Each Sunday morning we have gone with our hosts to the Fisenge United Methodist Church where John Enright pastors with a young Zambian pastor-in-training. The village of Fisenge is an old community and well off the beaten path—or a distance from the tarred highway at least. As is the custom in Zambia, all the churches are located on the same street. Their close proximity to each other, and their lack of windows, means that you can literally hear the neighboring church at prayer, song, or preaching.

Fisenge United Methodist is a tiny church in a former home with about 80 in attendance. This is a new congregation, started in very recent years by John’s father before his death.

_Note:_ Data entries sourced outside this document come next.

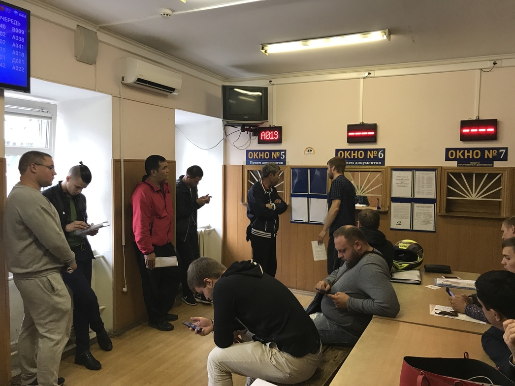 В 08.15 корреспондент портала «АвтоВзгляд» вошел в МОТОТРЭР №5, оказавшись пятнадцатым человеком в очереди к терминалу, и получил талон на 13.10. День был разбит. Журналист, конечно, съездил на работу, чтобы помелькать перед начальством и по-быстрому справиться с мелкими рабочими вопросами. Но толком ничем заняться, разумеется, не успел. Отсюда вопрос — почему (особенно учитывая вышеизложенный хронометраж работы инспекторов) гражданам нельзя двигаться по описанной цепочке друг за другом? Пока первый проходит осмотр машины, второй — оформляет заявление, и так — в режиме конвейера. Разумеется, какие-то накладки возникать непременно будут, но по любому на все про все уйдет гораздо меньше времени. Особенно если заявления заполнять станет не одна барышня, а осматривать машины не один инспектор.
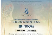 10 апреля 2021 года прошел Международный конкурс-фестиваль «NEXT. Поколение — 2021», в котором Оркестр русских народных инструментов нашей школы «Талисман», рук. Сорокина Елена Викторовна, Марданова Галия Фазлтдиновна, стал Лауреатом 1 степени.
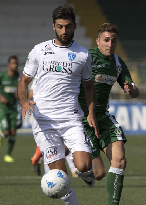 パンツ、ソックスともホワイトを基調。右の鎖骨スポンサーはホームキットと異なり、建築資材メーカーの「LOGLI MASSIMO」が付く。
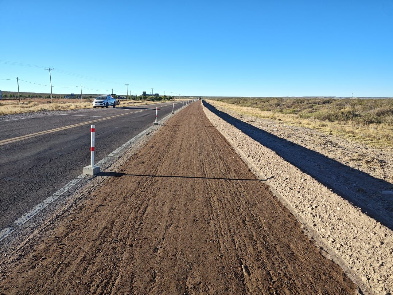 Complementariamente, en la Sección 2 se ejecutan tareas de refuncionalización a la altura de la intersección con la Ruta Provincial 150. Allí, la empresa José Cartellone Construcciones Civiles SA trabaja en la nivelación y compactación de banquinas bajo un esquema de tránsito asistido.
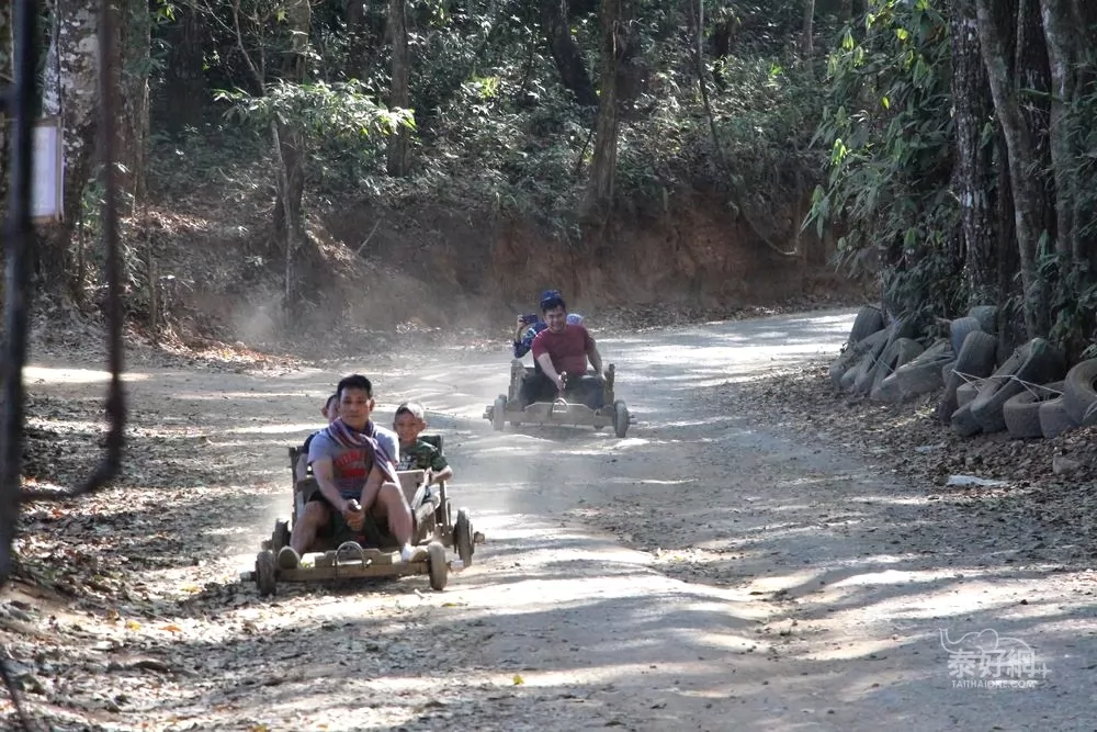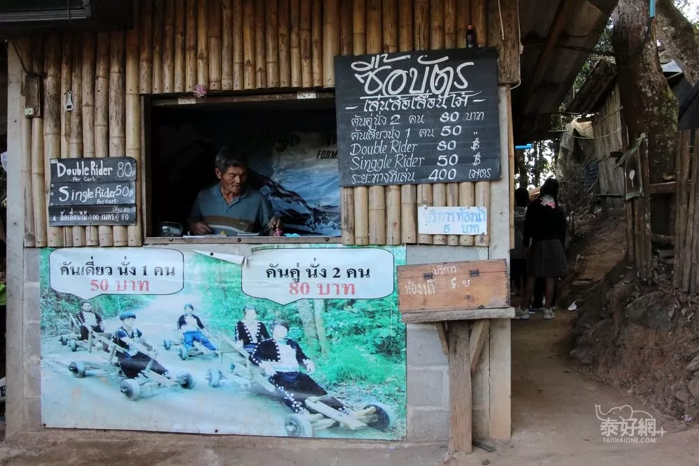 玩木造車的費用不貴,單人座1次50銖、雙人座1次80銖,需要先買票,然後等到一定數量後,業者會將人帶木造車拉上坡頭,然後讓遊客駕駛木造車衝下坡地來,因為是沙土路,車速不是很快,還是讓小孩及女生玩得開心!
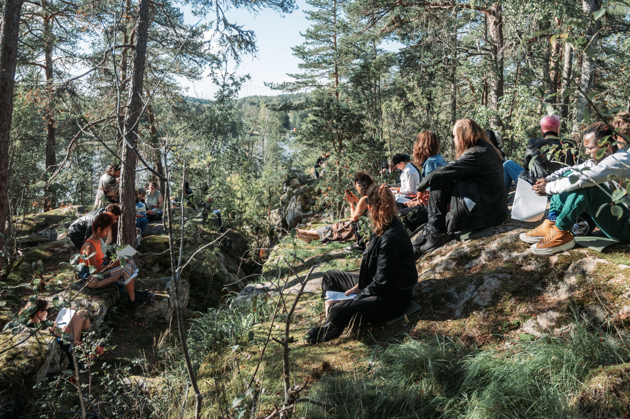 “We” are sitting in the interdisciplinary pit-crossing, where the ancient and contemporary ruralities emerge thanks to the international songs of multilingual articulations. The Cottage Country, with its jetties, woods, and no fields at all, tolerates us temporarily. The landscape of leisure and the work of art asks us: Stop, rest. And this landscape, at times as empty as that of Jamie’s opening joke, “a wet dream of a fascist art form, a landscape without people”, now contaminated by “us”, is framed not by the golden frame but by the weeping song. We came only for this cry, for this prayer of dying, of cutting the ground, of becoming soil, of becoming earth. We only visit, carefully gathered around the pit. There are warnings from the organisers: DO NOT COME TOO CLOSE TO THE PIT, lest the performance become too literal. Don’t make it about you, don’t fall into the pit and die, it’s about the Earth, and even if she asks you to become Earth, become me, don’t do it just yet. The cynic in my head begs: not together with the damned motorboat owners. No need, we are just imagining a possibility while postponing the actual event and all the decisions involved until later.

Simple plastic chairs or benches seat adults in one section, with children seated in another section at a right angle to the adults. The children sit under the banner “God’s Kids” with pictures they have drawn and colored. God’s Kids is a program for children started in varied localities by Lorraine Enright, John’s 83 year old mother who spends half of each year in Zambia. Instead of Sunday School, Fisenge has its children’s programming on Wednesday afternoon. Local church members carry on the God’s Kids programs when Lorraine is in the States during winter months.

We have been surprised by the length of the Fisenge service: about 1 to 1-1/2 hours and short by African standards. Evidently the shorter service is intentional as people often have difficulty with the more traditional and longer services. It includes a time of singing, a choir number, simple preaching, and an offering and prayer in closing.

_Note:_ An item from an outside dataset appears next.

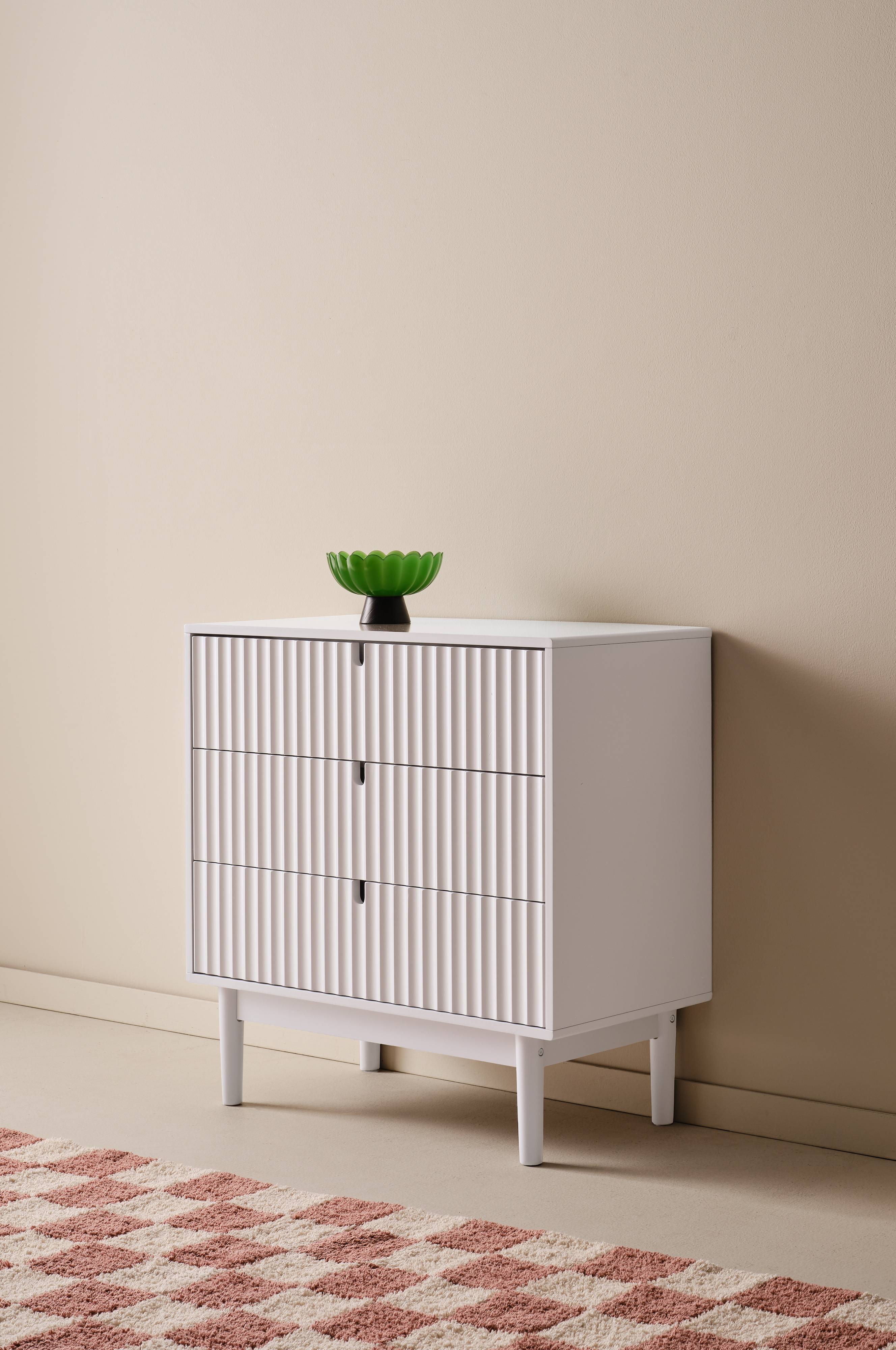 TOULUSE ist eine attraktive Möbelserie aus FSC-gekennzeichneter Kiefer und MDF. Die wellenförmige Front ist ein charakteristisches Merkmal und schönes Detail, das dieser Serie und einen Hauch von Retro verleiht. Die runden, geraden Beine unterstreichen den Nostalgielook zusätzlich. Lack auf Wasserbasis sorgt für eine angenehm weiche Oberfläche. Einige Montageschritte sind erforderlich. Eine Montageanleitung ist beigepackt.

The church is a simple brick and plaster structure with uncovered openings for windows. The inside has a concrete floor, plastered walls, and a tin roof. No soft surfaces muffle the sound of singing or speaking or falling rain. One Sunday it rained too hard to even hold church—the noise against the tin roof would have made hearing impossible. Another Sunday the rain fell while we were there, creating a predicament for the speaker. The congregation simply sang and sang until the rain let up and speaking could be heard again. The sound of the singing and the pounding of rain upon tin created quite a din, a noise I’ve never heard before.

The choir is made up of about 5-6 people, three of them nursing mothers. They keep their babies on their back or nurse them openly, as is the custom here. The choir’s combination of music and simple dance is very pleasant. Their young director even writes most of their music. Congregational singing is from a hymn book (words in Bemba but no music), with many of the tunes familiar from Western hymnody. The best, though, is when they break out in African-styled rhythms and harmonies, accompanied by intricate claps, dance, and much repetition. Perhaps this is considered African “praise” music (or African gospel, as I’ve heard it said).

We have enjoyed the simplicity of the Sunday sermons. Stories about widows, oil pots, hunger, healing, orphans, miracles, and more take on a new life in an African setting. There is an immediacy and urgency to faith that one simply can’t experience in the West. We are reminded that Christ was announced by the angels as “Good News” at the time of His coming. And He is Good News indeed.